Imaginemos que, em vez de
Waack, outras pessoas, de outras tendências político-partidárias, tivessem
pronunciado frases do mesmo teor. Melhor, em vez de imaginar, lembremos frases
já enunciadas por pessoas tão ou mais influentes que William Waack:
Do presidente Ernesto Geisel,
referindo-se a um economista liberal (e, portanto, adversário de sua política
econômica), professor Eugênio Gudin: “Esse judeu filho da puta!” O episódio é
narrado na excelente obra de Elio Gaspari sobre o regime militar. Alguém
protestou contra a frase preconceituosa de Geisel? OK, era perigoso falar mal
de Geisel durante a ditadura.
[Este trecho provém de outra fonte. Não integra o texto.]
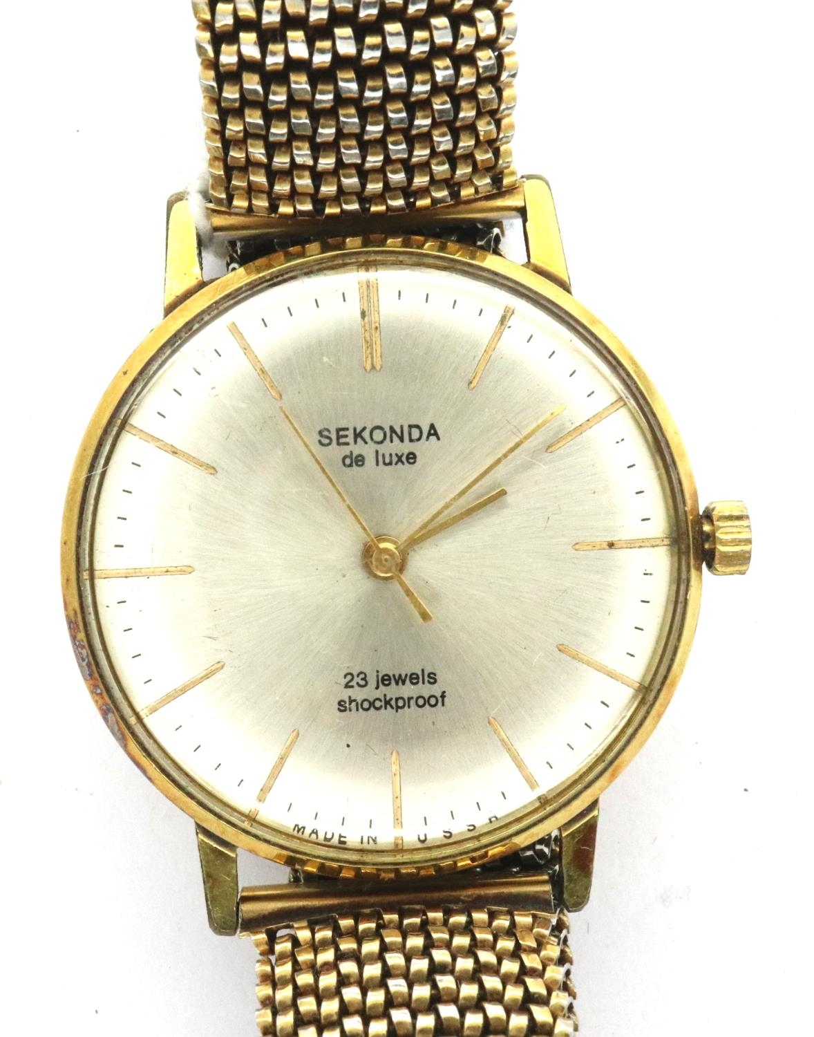 Sekonda: De Luxe 23 jewel gents wristwatch on an expanding bracelet, working at lotting. P&P Group 1 (£14+VAT for the first lot and £1+VAT for subsequent lots)

Mas nas dezenas de anos que se passaram, e com o
caso voltando ao debate com os livros de Gaspari, houve protestos? A propósito,
o professor Gudin não era judeu.
Do presidente Luiz Inácio Lula
da Silva para o prefeito de Pelotas, RS: “Pelotas é um pólo exportador de
veados”. Homofobia? Ninguém chegou a falar nisso, que me lembre. Ah, se Waack
fosse o autor da frase! …cá entre nós, quem nunca fez
piada de português, de loira burra, de preto, de judeu, de turco, de veado, de
sapatão? Apresente-se…
Do governador paulista Orestes
Quércia, brincando ao telefone com o prefeito de Pelotas (que ficou furioso):
“Podemos fazer uma estrada ligando Campinas a Pelotas, a Transviadônica”.
E há, é óbvio, o caso de
Caetano Veloso. Paula Lavigne disse que, aos 13 anos, foi à festa de
aniversário de Caetano, que fazia 40, com a intenção (bem sucedida) de fazer
sexo com ele. Agora, na mesma guerra ideológica que tenta vitimar Waack, mas
com sinal partidário trocado, quiseram atribuir a Caetano o crime de pedofilia,
como querem atribuir a Waack o de racismo. E, semelhante em ambos os casos, há
a má intenção de atingir uma pessoa de quem não gostam usando pretextos
politicamente corretos.
E, cá entre nós, quem nunca
fez piada de português, de loira burra, de preto, de judeu, de turco, de veado,
de sapatão? Apresente-se. E atire a primeira pedra.